# PROVIDED DATA:

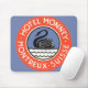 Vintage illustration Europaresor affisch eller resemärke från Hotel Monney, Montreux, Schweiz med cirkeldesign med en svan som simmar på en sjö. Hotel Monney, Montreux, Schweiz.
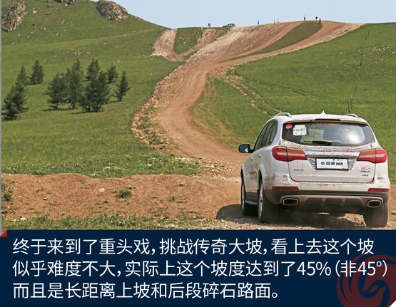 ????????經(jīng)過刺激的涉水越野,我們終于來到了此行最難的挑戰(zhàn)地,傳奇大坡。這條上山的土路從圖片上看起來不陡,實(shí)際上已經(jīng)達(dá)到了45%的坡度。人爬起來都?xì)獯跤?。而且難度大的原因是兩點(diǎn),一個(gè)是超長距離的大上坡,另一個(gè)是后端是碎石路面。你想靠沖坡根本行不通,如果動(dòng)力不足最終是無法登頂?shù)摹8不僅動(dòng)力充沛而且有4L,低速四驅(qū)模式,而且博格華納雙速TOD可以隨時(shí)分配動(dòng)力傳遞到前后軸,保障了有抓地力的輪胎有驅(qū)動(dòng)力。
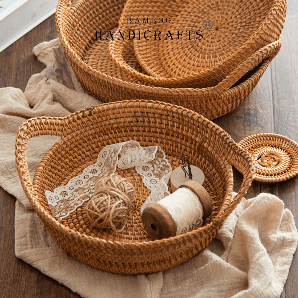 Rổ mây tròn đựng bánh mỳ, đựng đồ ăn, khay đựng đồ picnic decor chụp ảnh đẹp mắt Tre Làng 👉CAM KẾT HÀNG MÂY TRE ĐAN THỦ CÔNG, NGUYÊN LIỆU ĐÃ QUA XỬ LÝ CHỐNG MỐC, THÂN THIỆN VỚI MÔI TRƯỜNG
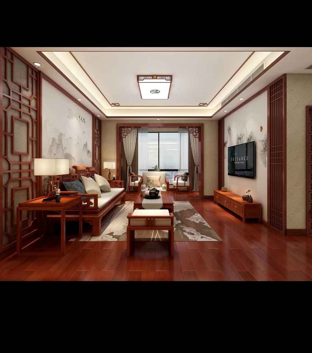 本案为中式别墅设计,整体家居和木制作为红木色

# INSTRUCTIONS TO FOLLOW:
Every line of the listing should be copied precisely, with images omitted.

# EXPECTED ANSWER:
 Vintage illustration Europaresor affisch eller resemärke från Hotel Monney, Montreux, Schweiz med cirkeldesign med en svan som simmar på en sjö. Hotel Monney, Montreux, Schweiz.
 ????????經(jīng)過刺激的涉水越野,我們終于來到了此行最難的挑戰(zhàn)地,傳奇大坡。這條上山的土路從圖片上看起來不陡,實(shí)際上已經(jīng)達(dá)到了45%的坡度。人爬起來都?xì)獯跤?。而且難度大的原因是兩點(diǎn),一個(gè)是超長距離的大上坡,另一個(gè)是后端是碎石路面。你想靠沖坡根本行不通,如果動(dòng)力不足最終是無法登頂?shù)摹8不僅動(dòng)力充沛而且有4L,低速四驅(qū)模式,而且博格華納雙速TOD可以隨時(shí)分配動(dòng)力傳遞到前后軸,保障了有抓地力的輪胎有驅(qū)動(dòng)力。
 Rổ mây tròn đựng bánh mỳ, đựng đồ ăn, khay đựng đồ picnic decor chụp ảnh đẹp mắt Tre Làng 👉CAM KẾT HÀNG MÂY TRE ĐAN THỦ CÔNG, NGUYÊN LIỆU ĐÃ QUA XỬ LÝ CHỐNG MỐC, THÂN THIỆN VỚI MÔI TRƯỜNG
 本案为中式别墅设计,整体家居和木制作为红木色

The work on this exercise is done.